Discovery about the edge of fusion plasma could help realize fusion power
Credit: Photos by Elle Starkman/PPPL Office of Communications and Krell Institute; composite by Elle Starkman.
A major roadblock to producing safe, clean and abundant fusion energy on Earth is the lack of detailed understanding of how the hot, charged plasma gas that fuels fusion reactions behaves at the edge of fusion facilities called “tokamaks.” Recent breakthroughs by researchers at the U.S. Department of Energy’s (DOE) Princeton Plasma Physics Laboratory (PPPL) have advanced understanding of the behavior of the highly complex plasma edge in doughnut-shaped tokamaks on the road to capturing the fusion energy that powers the sun and stars.

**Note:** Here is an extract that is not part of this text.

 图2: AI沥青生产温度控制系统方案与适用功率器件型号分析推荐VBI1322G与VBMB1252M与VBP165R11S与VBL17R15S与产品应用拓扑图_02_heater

Understanding this edge region will be particularly important for operating ITER, the international fusion experiment under construction in France to demonstrate the practicality of fusion energy.
Among the first-of-a-kind findings has been the discovery that accounting for the turbulent fluctuations in the magnetic fields that confine the plasma that fuels fusion reactions can significantly reduce the turbulent particle flux near the plasma edge. Computer simulations show that the net particle flux can go down by as much as 30 percent, despite the fact that the average magnitude of turbulent particle density fluctuation goes up by 60 percent — indicating that even though the turbulent density fluctuations are more virulent, they are moving particles out of the device less effectively.

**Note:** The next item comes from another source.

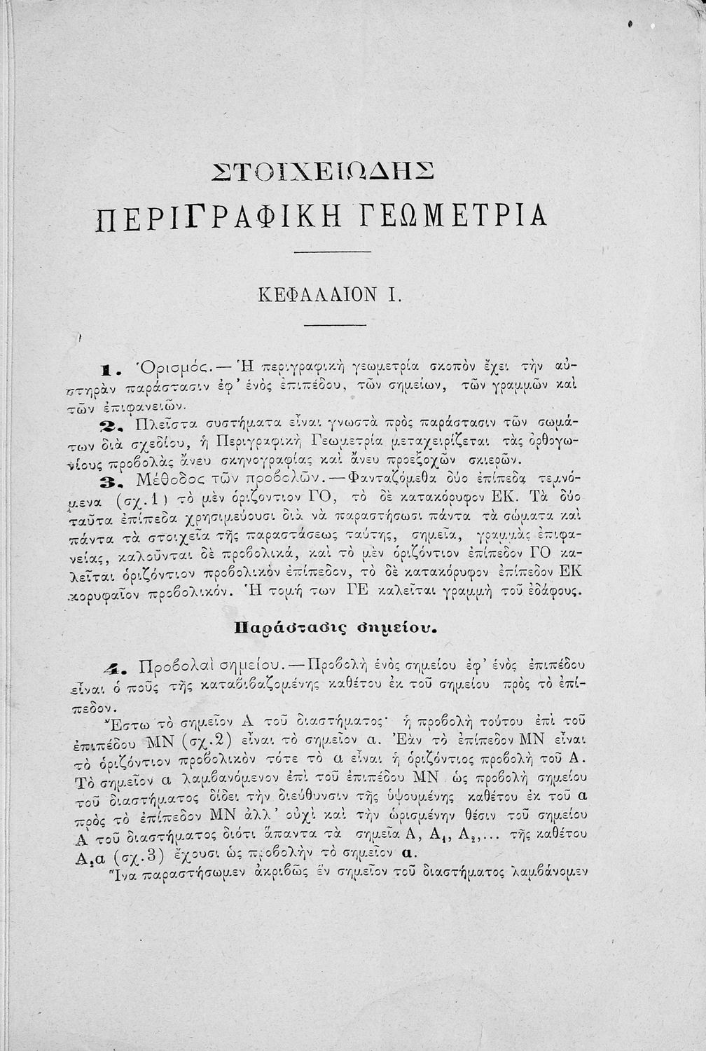 LDR 01913 2200181 4500 035 ## _a09-142455 040 ## _aΑκαδημία Αθηνών 041 ## _ael 100 ## _aΙωάννης Β. Λελάκης 110 ## _a142455 245 0# _aΣτοιχειώδης περιγραφική γεωμετρία 260 ## _aΑθήνα _bΠυλάδος Γ. Βατής _c1902 300 ## _a44 _bΣχεδιαγράμματα (ασπρόμαυρα) 520 ## _aΠρόκειται για εγχειρίδιο για το μάθημα των Μαθηματικών και συγκεκριμένα της Γεωμετρίας. Μπορεί να απευθύνεται σε μαθητές και μαθήτριες των στρατιωτικών σχολών λόγω της ιδιότητα του συγγραφέα (Λοχαγός Πυροβολικού και καθηγητής στην σχολή Ευελπίδων) αλλά δεν αναγράφεται πουθενά ξεκάθαρα αν πρόκειται για μαθητικό ή παιδαγωγικό βοήθημα. Το βιβλίο περιγράφει πολύ συνοπτικά τις βασικές έννοιες της γεωμετρίας, τα βασικά γνωρίσματα της ευθείας γραμμής και των γεωμετρικών σχημάτων του τετραγώνου, τριγώνου, κύκλου, κύβου, κυλίνδρου, πυραμίδας, κώνου κ.α. Το δεύτερο μέρος του βιβλίου συμπληρώνεται με την αναπαράσταση αυτών των σχημάτων. 522 ## _aΕλλάδα 546 ## _aΚαθαρεύουσα 563 ## _aΜαλακό Εξώφυλλο 650 #4 _aΓεωμετρικά σχήματα _aΓυμνασίου _aΕπίπεδο _aΕυθεία _aΚαθαρεύουσα _aΜαθηματικά _aΠεριγραφική γεωμετρία _aΠροβολές

Researchers have developed a specialized code called “Gkeyll” — pronounced just like “Jekyll” in Robert Louis Stevenson’s “The Strange Case of Dr. Jekyll and Mr. Hyde” — that makes these simulations feasible. The mathematical code, a form of modeling called “gyrokinetics,” simulates the orbiting of plasma particles around the magnetic field lines at the edge of a fusion plasma.
“Our recent paper summarizes the Gkeyll group’s efforts in the area of gyrokinetic simulation,” said PPPL physicist Ammar Hakim, lead author of a Physics of Plasmas paper (link is external) that provides an overview of the group’s achievements, based on an invited talk he gave at the American Physical Society’s Division of Plasma Physics (APS-DPP) conference last Fall. The research, coauthored by scientists from six institutions, adapts a state-of-the-art algorithm to the gyrokinetic system to develop the “key numerical breakthroughs needed to provide accurate simulations,” Hakim said.

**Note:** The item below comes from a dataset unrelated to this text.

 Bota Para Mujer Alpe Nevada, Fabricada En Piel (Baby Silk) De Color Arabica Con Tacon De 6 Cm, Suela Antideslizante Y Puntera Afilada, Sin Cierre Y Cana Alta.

Such breakthroughs are part of the worldwide effort to grasp the science behind the production of fusion reactions on Earth. Fusion reactions combine light elements in the form of plasma — the hot, charged state of matter composed of free electrons and atomic nuclei that makes up 99 percent of the visible universe — to generate massive amounts of energy that could provide a virtually inexhaustible supply of power to generate electricity for humanity.
Noah Mandell, a graduate student in the Princeton University Program in Plasma Physics, built on the team’s work to develop the first gyrokinetic code able to handle magnetic fluctuations in what is called the plasma scrape-off layer (SOL) at the edge of tokamak plasmas. The British Journal of Plasma Physics has published andhighlighted his report as a featured article (link is external).
Mandell explores how blob-like plasma turbulence bends magnetic field lines, leading to the dynamics of “dancing field lines.” He finds that field lines usually move smoothly but when dancing can abruptly reconfigure into reconnection events that cause them to converge and violently snap apart.
For a video of first computer simulations of kinetic plasma turbulence near the edge of fusion devices click here (link is external).
Mandell’s findings are best described as “proof-of-concept” with regard to the magnetic fluctuations, he said. “We know there are more physical effects that need to be added to the code for detailed comparisons with experiments, but already the simulations are showing interesting properties near the plasma edge,” he said. “The ability to handle bending of the magnetic field lines will also be essential for future simulations of edge localized modes (ELMs), which we would like to do better to understand the bursts of heat they cause that must be controlled to prevent tokamak damage.”
What makes this finding unique is that previous gyrokinetic codes have simulated SOL blobs but assumed that the field lines were rigid, Mandell noted. Extending a gyrokinetic code to calculate the movement of magnetic fields lines is computationally very challenging, requiring special algorithms to ensure that two large terms balance each other to an accuracy of better than 1 part in a million.
Moreover, while codes that model turbulence in the core of the tokamak can include magnetic fluctuations, such codes cannot simulate the SOL region. “The SOL requires specialized codes like Gkeyll that can handle much larger plasma fluctuations and interactions with the walls of the reactor,” Mandell said.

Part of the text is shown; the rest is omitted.